BEGIN Recorded data

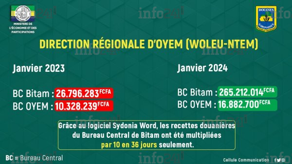 En comparaison avec la capitale provinciale Oyem, où le logiciel n’est pas encore déployé, les recettes douanières de la ville ont enregistré une évolution beaucoup moins significative, passant de 10,32 millions en janvier 2023 à 16,88 millions en janvier 2024. Il est important de rappeler que Sydonia Word offre une traçabilité complète des déclarations de marchandises, centralisée au niveau de la Direction générale des douanes à Libreville.
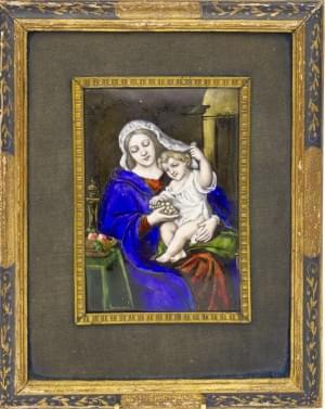 3392. La vierge à la grappe, plaque Limoges, XIXe s
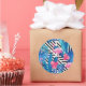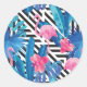 Flamingo & Palms on Geometric Pattern Classic Round Sticker
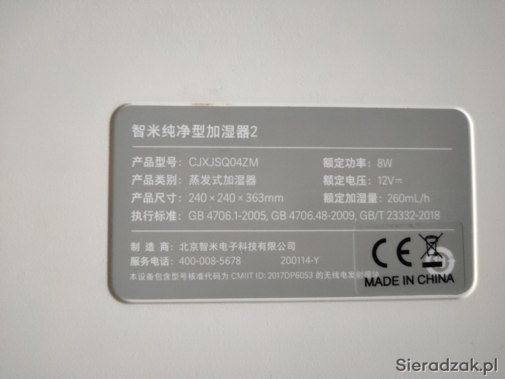 Sprzedam używany, ale w co najmniej bardzo dobrym stanie, nawilżacz ewaporacyjny SMARTMI CJXJSQ04ZM, z uwagi na właściwą wilgotność w domu stoi i się kurzy, a może się komuś przyda. Używany był w niewielkim stopniu przez jeden okres zimowy.
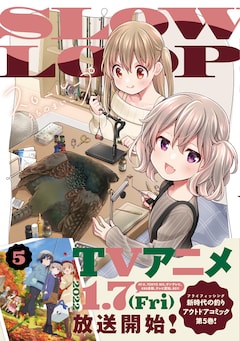 「スローループ」は、亡き父に教えてもらったフライフィッシングを嗜む少女・ひよりが、母親の再婚相手の娘・小春と出会い、一緒に釣りをする様子を描いたガールズストーリー。5巻では、冬の太平洋でヒラメ釣りを挑戦したり、キジの狩猟を見学したりと2人が新しいことにチャレンジしていく。まんがタイムきららフォワード(芳文社)にて連載中で、12月24日発売の同誌2022年2月号には単行本5巻のかけ替えカバーが付いてくる。

END Recorded data

Without including any picture, repeat the data exactly.

• [Result of this task]
 En comparaison avec la capitale provinciale Oyem, où le logiciel n’est pas encore déployé, les recettes douanières de la ville ont enregistré une évolution beaucoup moins significative, passant de 10,32 millions en janvier 2023 à 16,88 millions en janvier 2024. Il est important de rappeler que Sydonia Word offre une traçabilité complète des déclarations de marchandises, centralisée au niveau de la Direction générale des douanes à Libreville.
 3392. La vierge à la grappe, plaque Limoges, XIXe s
 Flamingo & Palms on Geometric Pattern Classic Round Sticker
 Sprzedam używany, ale w co najmniej bardzo dobrym stanie, nawilżacz ewaporacyjny SMARTMI CJXJSQ04ZM, z uwagi na właściwą wilgotność w domu stoi i się kurzy, a może się komuś przyda. Używany był w niewielkim stopniu przez jeden okres zimowy.
 「スローループ」は、亡き父に教えてもらったフライフィッシングを嗜む少女・ひよりが、母親の再婚相手の娘・小春と出会い、一緒に釣りをする様子を描いたガールズストーリー。5巻では、冬の太平洋でヒラメ釣りを挑戦したり、キジの狩猟を見学したりと2人が新しいことにチャレンジしていく。まんがタイムきららフォワード(芳文社)にて連載中で、12月24日発売の同誌2022年2月号には単行本5巻のかけ替えカバーが付いてくる。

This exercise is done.